Our unit tests still worked of course, because they used the schema from the Microsoft documentation (which had not been updated). I only knew because some other kind developer commented on the Microsoft documentation!

Make sure to log what you actually get as request from external APIs to your endpoint / as response to your call and throw meaningful errors (as appropriate) in your application.

This actually gives me the willies with our current project, which relies on many external APIs - we have monitoring functions and E2E tests with Cypress for vital functions running every so often, so at least we know when it happens. We are still working on how to reliably know in advance...

Answer 6

Yes, but in most cases that should not be your personal concern.

For most languages there are parsers that parse a native JSON (or whatever your transfer language is) response into your internal objects. They come with all the options to consider different writing style, understand corner cases, escape characters, special character encodings etc. Their validation code is used by thousands of other applications. You should use one of these parsers if possible and rely on their validation methods instead of validating the syntax yourself. I.e. they should throw exceptions, return error codes or otherwise complain if the input isn't matching what you specified (missing fields, strings not matching your defined pattern etc).

The only validation you might want to do yourself in your own code is that the response makes sense for your business logic. Don't try to reimplement the other service though, it does not make sense to fully validate that their response is correct: if you can do that locally then you don't need to call them. (Unless you deal with totally sensitive things/hard problems, then you could call multiple services and combine their results). What you can do when you want to protect against some extreme level of disasters from malicious responses is to detect answers that are way out of bounds. I.e. block a transaction in your bike rental service if the bill calculated externally for a single customer goes beyond 1000 $ or such. But be careful, one easily overlooks corner cases that are valid (e.g. a "virtual" customer that pays for his whole company rentals for a year).

Answer 7

Your validation shouldn't be to restrictive. There is the "tolerant reader" pattern.
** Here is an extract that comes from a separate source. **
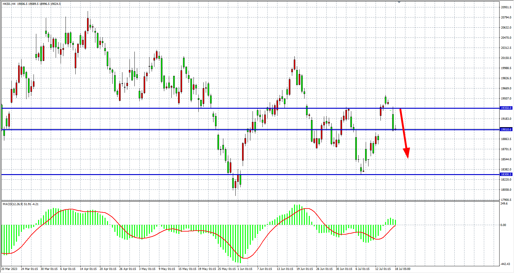 周二(7月18日)港股全天维持下跌行情,市场情绪疲弱,行业热门板块纷纷走低,恒指跌2.05%下挫400点再度跌破万九点。展望后市,恒指进一步下挫,市场流动性再度收缩,短线面临较大回调风险。

It means that you should be as tolerant as possible, when consuming data from other services. On the other side, there is the "Magnanimous Writer" pattern. Together, they help to produce more robust communication systems.

For example, in a JSON based interface, you probably should allow unknown properties. This allowes the other side to add new properties without breaking your side.

Answer 8

Yes it's overkill in most scenarios for writing a web application.

I think of a third party api similar to libraries from a package manager. Do you write tests for each of the libraries you use which aren't built into php ?

Normally apis are versioned, are documented and shouldn't have surprise changes - all like packages.